Впервые в жизни, среди своих, на митинге Сашу Кляйнкинд тошнило… среди флажков и ленточек, среди прекрасных лиц и слов, на свежем воздухе… в организме девушки накапливались… зрели и поднимались рвотные массы…
Прямо перед Сашей, на расстоянии всего лишь вытянутой руки, ленивого плевка, вполсилы… бабка… в очках… в чудовищных очках с толстыми, жирными, сально блестящими на солнышке стеклами выкусывала из мяса живого, парного, еще теплого чебурека красно-желтые икринки… кусочки тыквы…
– Это очень, очень полезно… – при этом она еще мораль читала, когда не губами лезла в дрожащее, слово у рыбы, от носа до хвоста распоротое чрево желтого чебурека, а пальцами… с ногтями цвета мерзких… сиреневых… педагогических чернил…
– Как ты не понимаешь, Гриша, это же витамины… это же железо, магний, фосфор, кальций, калий… самое ценное… а мясо… что мясо… пустой белок… к тому же в данном случае полностью уже денатурированный…
Между тем, мальчик у шелестящей, волнующейся юбки бабки… маленький… лет шести, наверное, или пяти, с лицом, потухшим от неизбывной безысходности… с привычной… тупой тоской смотревший в небо, хотел именно этого самого… пустого и денатурированного… мяса…
– Бабушка, – повторял он с обреченным видом, с видом давно убитого и похороненного – Бабушка… не покупай, пожалуйста, больше узбекских… которые с железом… покупай, пожалуйста, только московские…которые с белком… пожалуйста, не покупай больше с железом…
– Но это же настоящие… – долдонила свое зануда с глазами, плавающими в жидком стеке толстенных линз, – узбекские настоящие… а московские ненастоящие… а эти настоящие… и очень полезные для пищеварения…
– Я не хочу полезные… я не хочу с красными червячками… я хочу вредные без червячков…
– Я сейчас всех червячков уберу… уже не осталось…– сдаваться и не собиралась клуня в самошитом платье и самовязанной летней шали-неводе… крупноячеистой… настырная, диктующая, требующая… вся правота и ясность… какого-нибудь нии…гипро- и гидро-маша… зубами, пальцами, и даже, казалось, носом, продолжавшая орудовать в безжалостно раскрытой миру требухе, чудовищные ее очки с перископическими, танковыми линзами ныряли и выныривали из слегка еще дымящейся утробы чебурека и от этого казались еще крупнее, жирнее и маслянистее.
Саша Кляйнкинд ничего не ела со вчерашнего дня, и пытку, которой подвергался ее несчастный организм, бесконечно отягощало и усиливало отчаяние… отчаяние и понимание полной… абсолютной безнадежности… Вырвать из рук внучка… из пасти мелкого… похожего одновременно и на моль… и на почиканный ей же самой носок… этот… едва надкушенный, лишь только-только сок сладкий давший чебурек, Саша могла… она была готова… но после очкастой бабки… и всех ее чудовищных манипуляций… прикосновения пальцев и омовений слюной… нет… невозможно…никогда…
И Сашу тошнило.
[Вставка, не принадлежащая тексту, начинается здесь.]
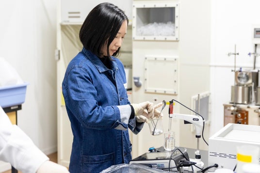 安全性とデザイン性を両立したデニム白衣で分析業務に取り組むスタッフ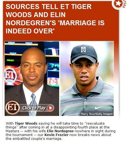 北京時間4月14日,據美國電視媒體《今夜娛樂》(Entertainment Tonight)爆料,高爾夫名將伍茲與妻子艾琳的婚姻已經走到盡頭,兩人即將簽署離婚協議。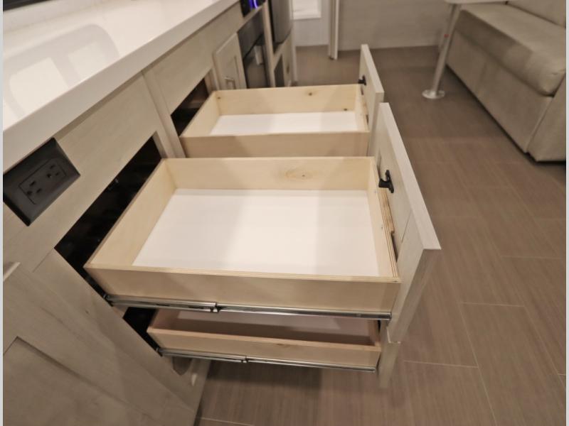 Best-in-Class Kitchen: Equipped with premium kitchen features including solid surface countertops and an industry exclusive coffee bar and under cabinet storage for a beverage fridge, the Sunflyer makes meal prep a breeze.

Сводило скулы что-то кислое и едкое. И голова кружилась.
Когда-то она очень этого хотела. Именно этого. Простого токсикоза. Обыкновенной беременности. И эта мысль… воспоминание тоже лезло в голову… замешивалось в общий набор… в калейдоскоп дня…
Природа пышно увядала,
Нога Петрова усыхала
И локоток стоял сучком
На древе жизни молодом
Поэт писал много, необыкновенно много, легко, красиво, ярко, особенно сейчас, но это было первое стихотворение, которое Саша услышала в его собственном исполнении. Живом. Из этих уст… этих же самых, что она видела сейчас, поверх голов, очков и чебуреков, там, на импровизированной сцене, возвышении, среди прочих, похожих на чаек, галок и просто ворон, крылья раскинувших или сложивших под саблей, кнопкой или сушеной сливой носа. И только у Кирилла был греческий – прямой и тонкий… и губы как молнии… не птицы спящие, усталые…убитые… а быстрые, подвижные как две искры… как электричество в чистом его виде…
Даже когда он молчал… Ничего более выразительного Саша в своей жизни не видела… Губы молчащего Кирилла Рыкова. И на том давнем вечере в музее Маяковского… На который ей не слишком хотелось идти… Орден авторитарных чинаристов…
Какая глупая претенциозность.
Конечно… Саша знала, что когда-то… сто лет тому назад… в пору учебы Рыков принадлежал этому странному кругу… этим манерным и неверным людям из Литинститута… вычурным и неестественным… Но с тех… с тех пор он… Рыков… стал другим… совсем другим… самым простым, ясным и точным на этом свете… глашатаем, символом… маяком… буквально… ее собственным голосом…
Сложились уши, руки пали,
Ножки свернулись в две спирали,
Закрылся пуп как рыбий глаз
И в рот отправлен про запас.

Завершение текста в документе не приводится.